I've been in Charlotte, NC this week for my "day" job and have been working on a side project from the hotel that involves converting a large amount of data from a, let's just say, "non-standard" database program to MySQL. One of the tables stores information about 14,000+ legal documents that we have in PDF format on the filesystem.
As part of the conversion project, I thought I'd be really cute and import the OCR text layer of the PDFs into a field in the table and set up a Verity index that included that field. I figured, hey, this will give the client something he doesn't have today and make me look good in the process right?
The problem lies in that the text for each of the documents can be anywhere from one printed page to 40 printed pages (meaning several hundred kb of text for each).

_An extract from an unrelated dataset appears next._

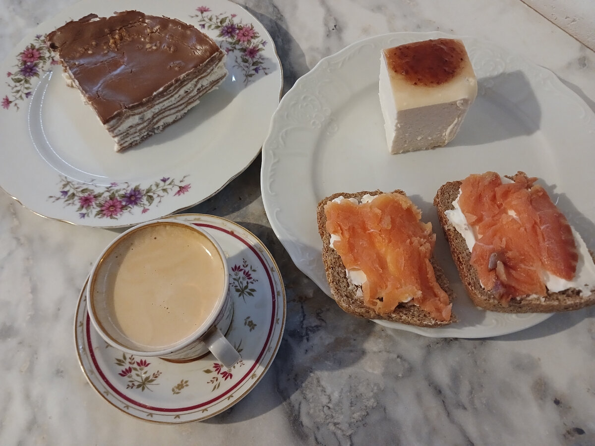 О моих запасах продуктов и бюджете на питание в марте можно почитать ЗДЕСЬ Каталог рецептов Завтракаем дома и потом уезжаем во Владимир на два дня. На завтрак сделала бутерброды (копченый голец+творожный сыр), творожная запеканка с клубничным джемом и блинный торт с шоколадом (Вкусвилл) тортик очень вкусный, воздушный крем и хороший шоколад Обедали мы уже во Владимире: в отеле в стоимость входит суп на обед. В этот день были щи. И насколько я не люблю первые блюда есть где-то, кроме дома, щи были вкусные. Щи с курицей, к ним - хлеб и сухарики Также круглосуточно бесплатно чай (был в ассортименте от обычного черного до травяного) и кофе из кофемашины. Я брала капучино, муж пил черный чай. А "к чаю" мы брали с собой из дома - сушеное манго, жареный арахис, шоколадку Ужинать муж меня повел в грузинский ресторан. Заранее забронировал столик. Он себе брал пиво, у меня - бокал вина (Саперави). Хачапури в трех вариантах - аджарские обычные и с беконом мегрули И для меня еще хинкали с ба

Now, importing all this was fairly easy (if not a little slow just for the amount of data going into the database), but for the life of me I cannot figure out how to get the query indexed by verity.
I obviously can't just grab all the records in the table (query takes too much memory that way). I've tried a few things like grabbing the primary keys of all the records only then looping over that in groups of 500 or so and using session variables to manage the looping from one page request to the next, but even that isn't working.
So, right now I'm a bit "perturbed" as my mother sometimes says. When I figure out a solution that will work on this I'll post a comment back.
At least it's Friday and I'm headed to the airport to go home in a couple of hours.